[Data records]
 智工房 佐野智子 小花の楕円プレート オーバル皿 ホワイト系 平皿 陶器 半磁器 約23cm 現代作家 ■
[/Data records]
[Data records]
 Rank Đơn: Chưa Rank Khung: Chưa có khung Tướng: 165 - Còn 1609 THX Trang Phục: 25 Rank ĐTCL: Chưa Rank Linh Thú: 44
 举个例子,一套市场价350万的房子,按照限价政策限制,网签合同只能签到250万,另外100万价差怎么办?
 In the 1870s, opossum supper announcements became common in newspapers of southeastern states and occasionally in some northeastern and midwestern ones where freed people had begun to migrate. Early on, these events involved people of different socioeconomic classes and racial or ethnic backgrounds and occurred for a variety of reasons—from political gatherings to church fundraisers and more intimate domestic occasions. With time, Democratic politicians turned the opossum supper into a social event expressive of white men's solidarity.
[/Data records]
What you will do -
With the line holding "举个例子,一套市场价350万" as the first and the line holding "In the 1870s, opossum" as the last, please transcribe exactly the lines of the material above in that range and nothing else.

Answer -
 举个例子,一套市场价350万的房子,按照限价政策限制,网签合同只能签到250万,另外100万价差怎么办?
 In the 1870s, opossum supper announcements became common in newspapers of southeastern states and occasionally in some northeastern and midwestern ones where freed people had begun to migrate. Early on, these events involved people of different socioeconomic classes and racial or ethnic backgrounds and occurred for a variety of reasons—from political gatherings to church fundraisers and more intimate domestic occasions. With time, Democratic politicians turned the opossum supper into a social event expressive of white men's solidarity.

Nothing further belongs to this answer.